=== Exercise brief ===
A faithful copy of all the entries is required, with no pictures in it.

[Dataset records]
──────

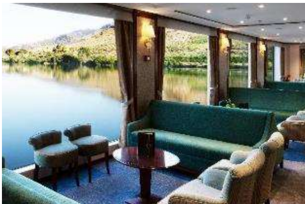
Salon - Bar
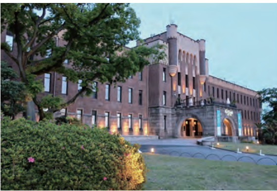
かつての師団司令部は市の寄付でつくられた

※名所図会(ずえ)とは名所の来歴などを絵も交え紹介したもの。 ※「うえまちweb」(https://uemachiweb.com/)連載の「上町台地」名所図会」より、みなさまからの反響が大きかったものを、本号外でも掲載いたします。
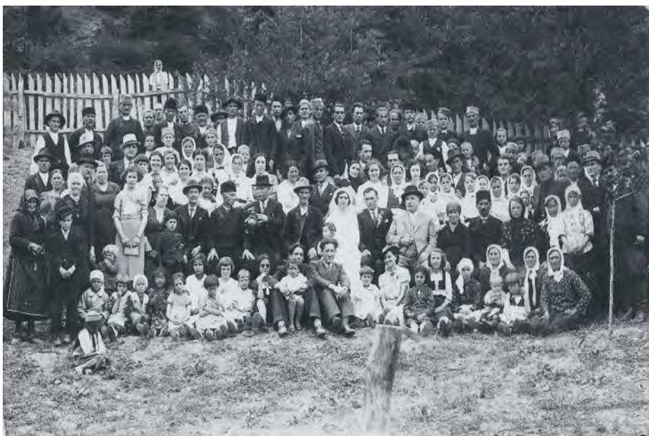
Свадбена окупљања 1920. – 1940.
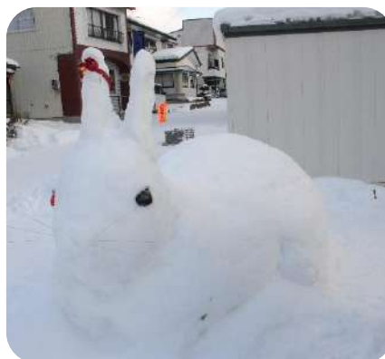
2月 まちなか雪像コンテスト

──────

=== Completed task ===
Salon - Bar
かつての師団司令部は市の寄付でつくられた

※名所図会(ずえ)とは名所の来歴などを絵も交え紹介したもの。 ※「うえまちweb」(https://uemachiweb.com/)連載の「上町台地」名所図会」より、みなさまからの反響が大きかったものを、本号外でも掲載いたします。
Свадбена окупљања 1920. – 1940.
2月 まちなか雪像コンテスト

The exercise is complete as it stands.